▶ What is being asked: All lines from the one containing "(seated)father, mother. |" through the end of the material are to be given back exactly, without pictures.

▶ Data below:
--- START ---

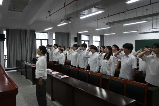 在学生第一支部书记王艳芬的带领下,新党员们面向鲜红的党旗,举起右拳,进行了庄严宣誓。铿锵有力的誓言在会场回荡,表达了新党员们对党的忠诚与为共产主义事业奋斗终生的坚定决心。
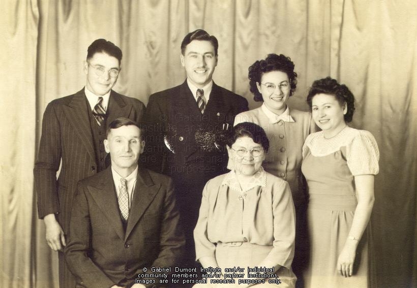 | Description: | Photograph of Howard Adams' family, 1940s. (L-R): Graham, Howard, Olive, Isla; (seated)father, mother. |
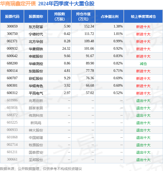 证券之星消息,日前华商瑞鑫定开债基金公布四季报,2024年四季度最新规模1.1亿元,季度净值涨幅为-0.18%。
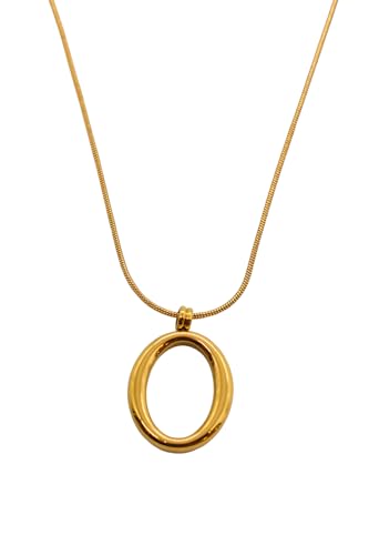 Generic - عقد بقلادة بيضاوية مفرغة من الستانلس ستيل للنساء - ذهبي

--- END ---

▶ Result:
 | Description: | Photograph of Howard Adams' family, 1940s. (L-R): Graham, Howard, Olive, Isla; (seated)father, mother. |
 证券之星消息,日前华商瑞鑫定开债基金公布四季报,2024年四季度最新规模1.1亿元,季度净值涨幅为-0.18%。
 Generic - عقد بقلادة بيضاوية مفرغة من الستانلس ستيل للنساء - ذهبي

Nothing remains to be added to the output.